Actually, many timeshare owners might consider themselves lucky to sell for even a quarter of what they paid developers. Some auction off what they initially bought for $20,000 or $30,000 for as little as $1 on eBay to escape high annual maintenance fees and taxes. Others donate them to charities. Some actually pay companies to take them.

That is not the picture painted by timeshare developers who promote exciting travel, luxury and savings to people lured to their sales pitches by offers of free trips, resort stays and dinners.

But an investigation by the Deseret Morning News shows the industry often lays traps in contract fine print that may sap money from the unwary in surprising ways at every level of buying, owning and selling a timeshare.

Story continues below
The Morning News over three days will look at traps at each level of buying, owning and selling timeshares. Today it focuses on shady promises and actions often made as customers buy them. Some of the major findings in that area include:

• Developers sell timeshares for far more than what they are worth on the open resale market. Value of units easily drops 40 percent or more when the purchaser walks out the door after a sale. Some salesmen use pitches considered unethical by the industry and which are outlawed in some states (but not Utah).

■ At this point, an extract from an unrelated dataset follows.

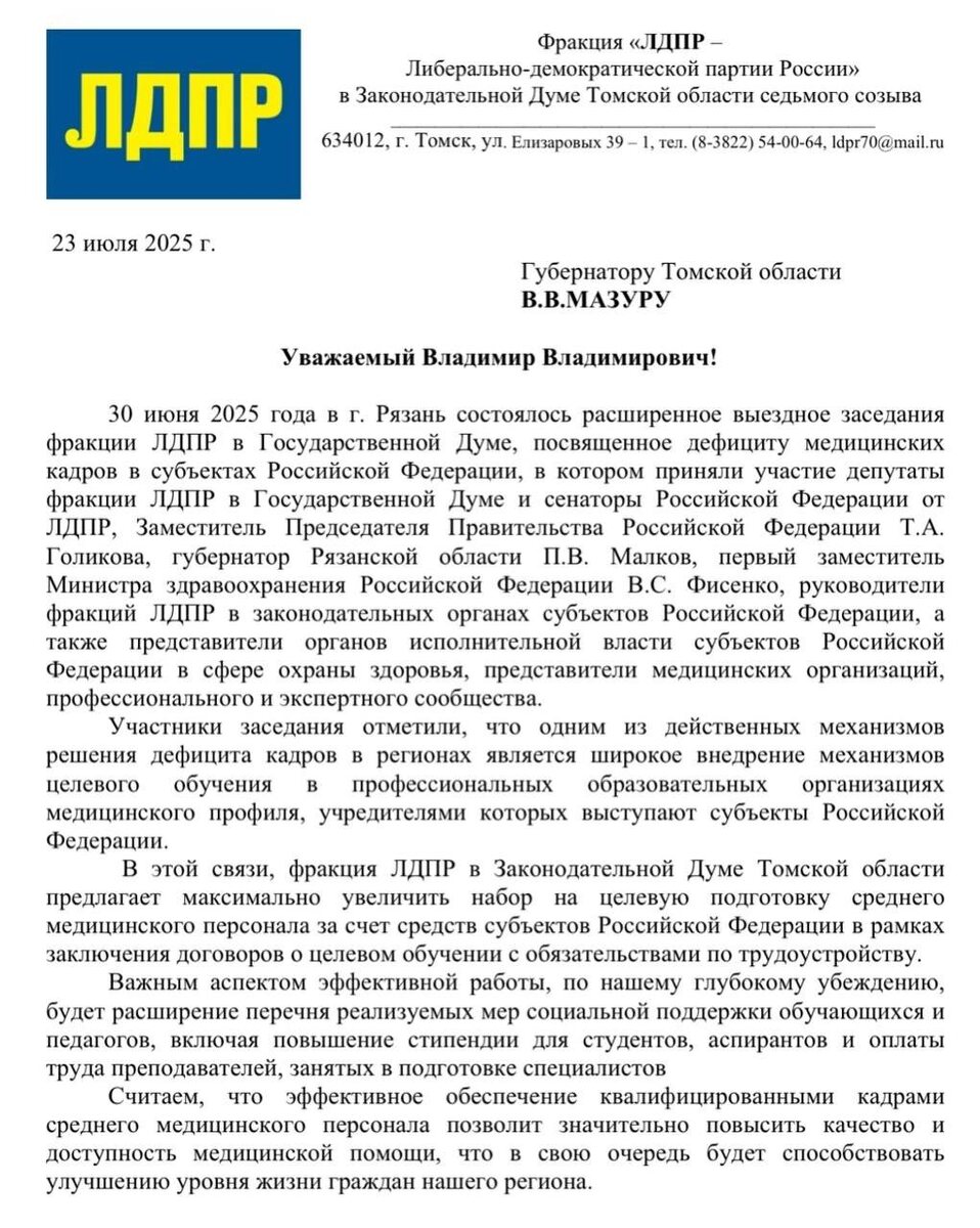 ЛДПР предлагает увеличить целевой набор медработников в Томской области Депутаты фракции ЛДПР направили обращение губернатору Томской области Владимиру Владимировичу Мазуру с инициативой усилить подготовку среднего медицинского персонала. Острая нехватка фельдшеров и медсестер требует системных решений, и ЛДПР предлагает конкретные шаги: ✅ Целевой набор один к одному Обучать ровно столько специалистов, сколько не хватает в регионе. Это полностью в полномочиях области – обеспечить медицинские учреждения кадрами, а молодежь – гарантированным трудоустройством и стабильностью. ✅ Медклассы и ранняя профориентация Создать медицинские классы в школах, особенно в сельских районах. Местные жители, получив образование, чаще возвращаются работать на малую родину, в отличие от выпускников из крупных городов. ✅ Развитие наставничества Закрепление опытных специалистов за молодыми кадрами поможет быстрее адаптировать их в профессии и снизить текучесть. Инициатива направлена на рассмотрение. Подд

• High-pressure sales are still a staple of the industry, and salesmen work hard to close sales immediately on the first visit — before a customer might take extra time to research the value of units on the resale market.

• The freebies used to draw customers to sales presentations often have catches or they are not exactly what was promised.

• Developers often charge high to astronomical interest rates to finance timeshare loans and sometimes make deceptive claims — or offer more freebies — to lure customers into them.